L'attore rivela di provare emozioni particolari quando ascolta la canzone "I like Chopin". Secondo l'attore, lui e Billo, il protagonista del film, sono più simili di quanto si possa immaginare: "Del me di quel periodo - racconta Calà - c'è tutto. Infatti, la battuta 'Non sono bello: piaccio' l'ho inventata io." Ma come definirebbe Calà il suo film? È stato il precursore dei cinepanettoni? L'attore respinge questa etichetta categoricamente: "No, per me non c'entra niente con quelli che sono venuti dopo. Non mi stanco mai di dirlo: non è giusto chiamarlo cinepanettone. Questa è una signora commedia con tutti gli attributi. È stato un film che ha riportato la commedia di satira, di costume, in un momento in cui il cinema era molto favolistico."

Come sarebbe il film oggi?

Ma come sarebbe accolto il film oggi, alla luce degli standard politicamente corretti? Jerry Calà risponde senza esitazioni: "Sicuramente, secondo gli standard attuali, sarebbe considerato scorretto.
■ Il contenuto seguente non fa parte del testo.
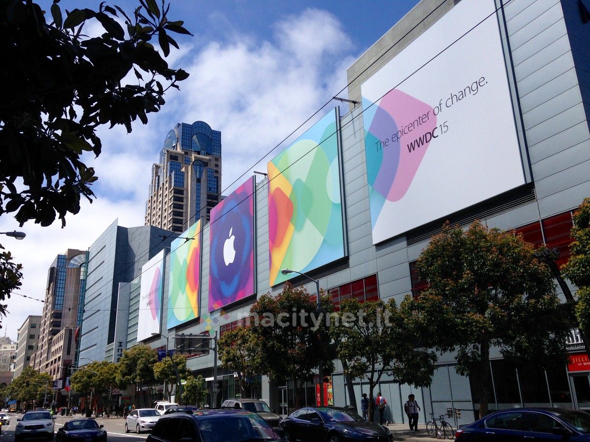 Le decorazioni del centro congressi del Moscone in vista dell'apertura della conferenza mondiale degli sviluppatori Apple sono pronte. Ecco alcune immagini della struttura che ospiterà la WWDC 2015

Ma rappresenta fedelmente il modo di parlare dell'epoca, degli anni '80. Era sicuramente un po' cattivo e affrontava temi che non erano mai stati trattati, come la 'fluidità' del personaggio interpretato da Christian De Sica, che viene trovato a letto con il maestro di sci e si dichiara 'bisex'. Alcuni erano perplessi, ma piacque tantissimo, e abbiamo contribuito a sdoganare alcune situazioni che oggi sono comuni."

Stefania Sandrelli "i baci finti non li sapeva dare"

Uno dei momenti più memorabili del film è il bacio tra Billo e Ivana, interpretata da Stefania Sandrelli, il suo primo amore sul grande schermo. "Stefania è una donna e un'attrice fantastica", ammette Calà con entusiasmo. "Ero emozionatissimo, per me lei era un mito: quando mi dissero che sarebbe stata la mia partner impazzii. La prima sera in cui girammo, dovevamo subito baciarci. A me sudavano le mani. Lei mi guardò e mi disse: 'Guarda Jerry, io i baci finti non li so dare'. 'Figurati io'."

"Quando andai in bianco con Moana"

Ma c'è anche un momento in cui Billo non ha fortuna con le donne: la scena con Moana Pozzi, in cui il protagonista rimane a bocca asciutta. "Capita anche ai migliori", scherza Calà. "Moana era una ragazza dolcissima, una grande professionista. Nella scena che girammo fu anche brava, naturale."

Un film cult

A distanza di anni, "Vacanze di Natale" continua a essere un punto di riferimento per gli italiani, un film che ha saputo trasmettere allegria, ironia e un pizzico di provocazione. Jerry Calà ha contribuito a creare un'opera che ha segnato un'epoca, lasciando un'eredità indelebile nel panorama cinematografico italiano. È un classico che continua a far sorridere e a scaldare il cuore di chi lo rivede ogni Natale, portando con sé la magia di quel periodo e il talento di un cast indimenticabile.